• **Exercise brief**: The data below contains pictures, which are to be skipped; the lines starting at the line with "今日の給食は、黒糖パン、牛乳" and ending at the line with "ナイフの刃を思わせるシャープなカットが印象的なオーバルモチーフのネックレス。" are to be output exactly, both ends included.

• **Exercise data**:
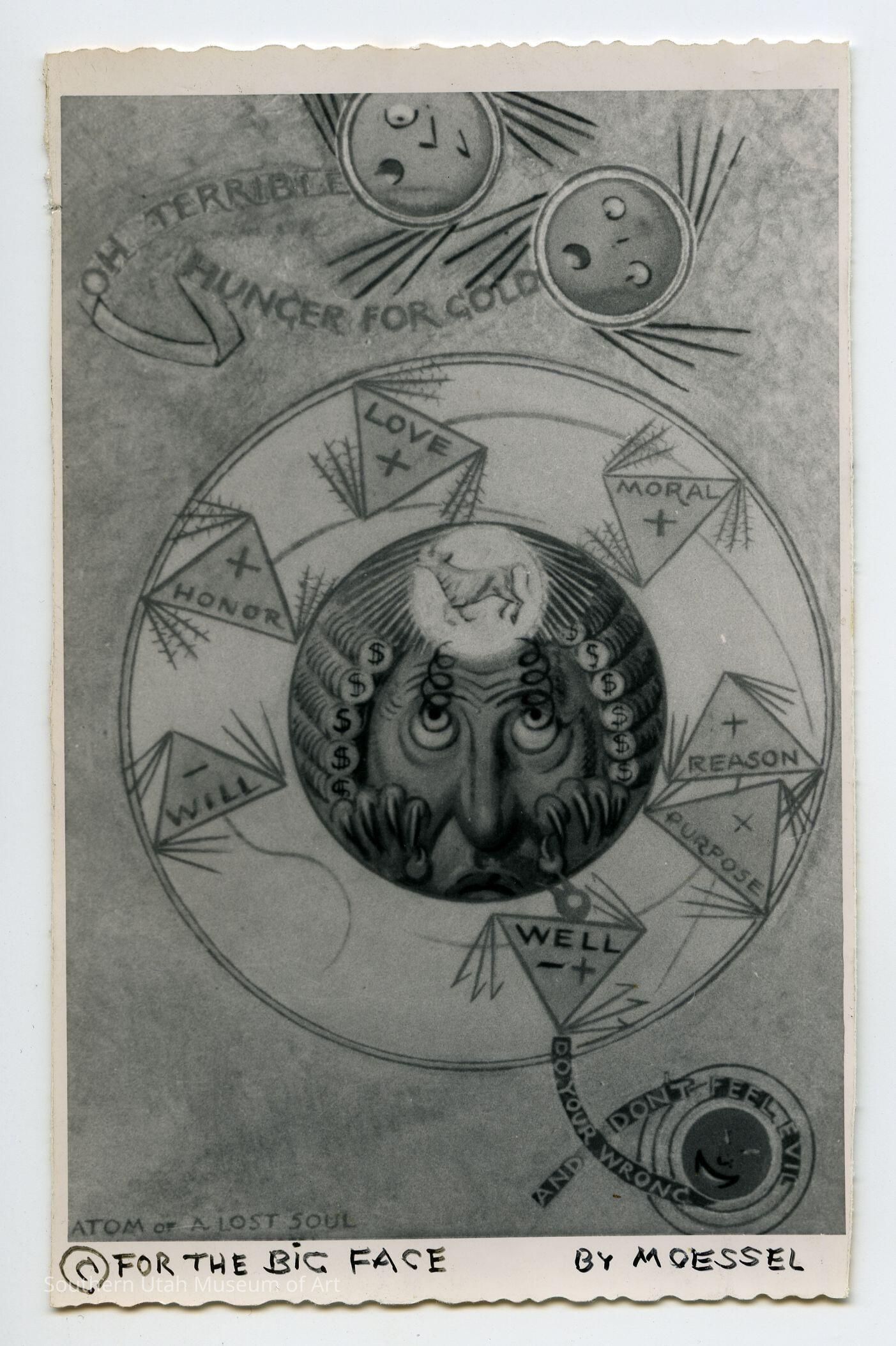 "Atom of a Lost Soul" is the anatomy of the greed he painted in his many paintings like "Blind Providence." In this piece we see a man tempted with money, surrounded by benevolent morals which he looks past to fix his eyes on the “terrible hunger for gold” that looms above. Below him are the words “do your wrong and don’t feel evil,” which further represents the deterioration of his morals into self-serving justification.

--

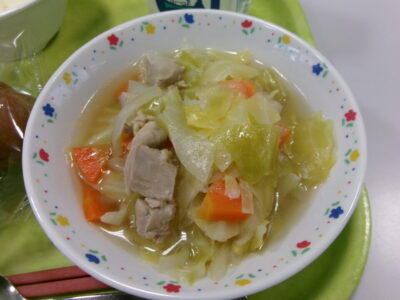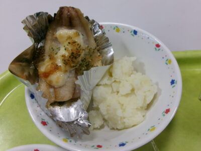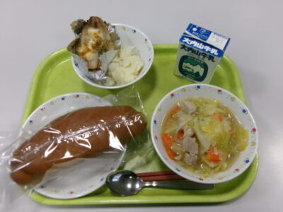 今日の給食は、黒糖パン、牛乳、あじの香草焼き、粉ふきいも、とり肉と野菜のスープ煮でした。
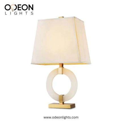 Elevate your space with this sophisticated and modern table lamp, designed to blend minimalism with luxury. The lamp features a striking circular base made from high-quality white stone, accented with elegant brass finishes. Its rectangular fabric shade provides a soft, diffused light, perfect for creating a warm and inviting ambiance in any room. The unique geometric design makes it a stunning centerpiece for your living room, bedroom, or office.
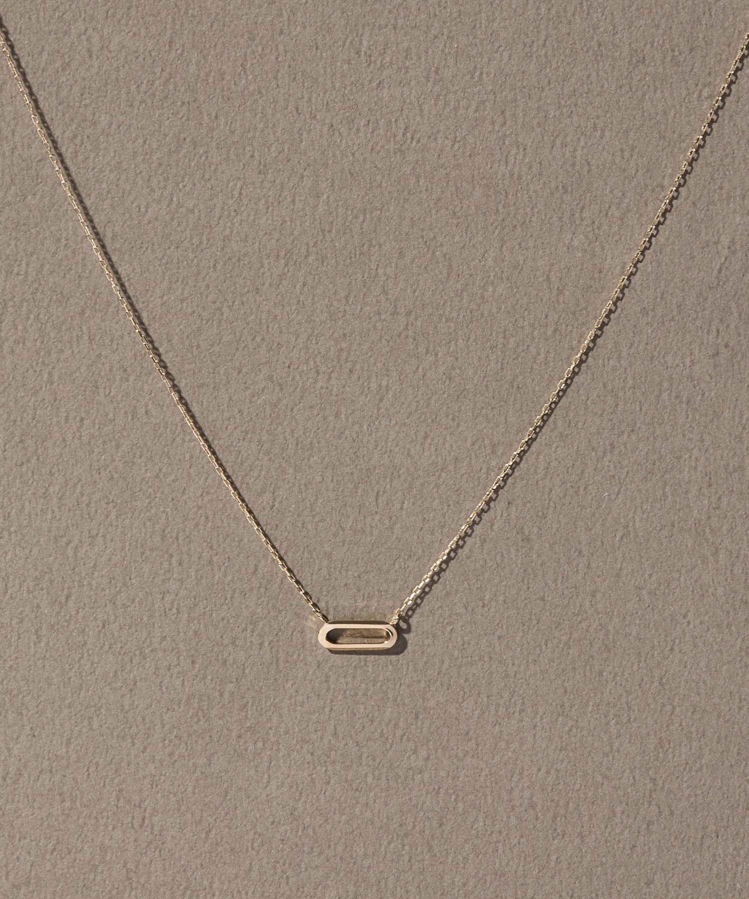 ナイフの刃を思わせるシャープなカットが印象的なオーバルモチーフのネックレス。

• **Solution**:
 今日の給食は、黒糖パン、牛乳、あじの香草焼き、粉ふきいも、とり肉と野菜のスープ煮でした。
 Elevate your space with this sophisticated and modern table lamp, designed to blend minimalism with luxury. The lamp features a striking circular base made from high-quality white stone, accented with elegant brass finishes. Its rectangular fabric shade provides a soft, diffused light, perfect for creating a warm and inviting ambiance in any room. The unique geometric design makes it a stunning centerpiece for your living room, bedroom, or office.
 ナイフの刃を思わせるシャープなカットが印象的なオーバルモチーフのネックレス。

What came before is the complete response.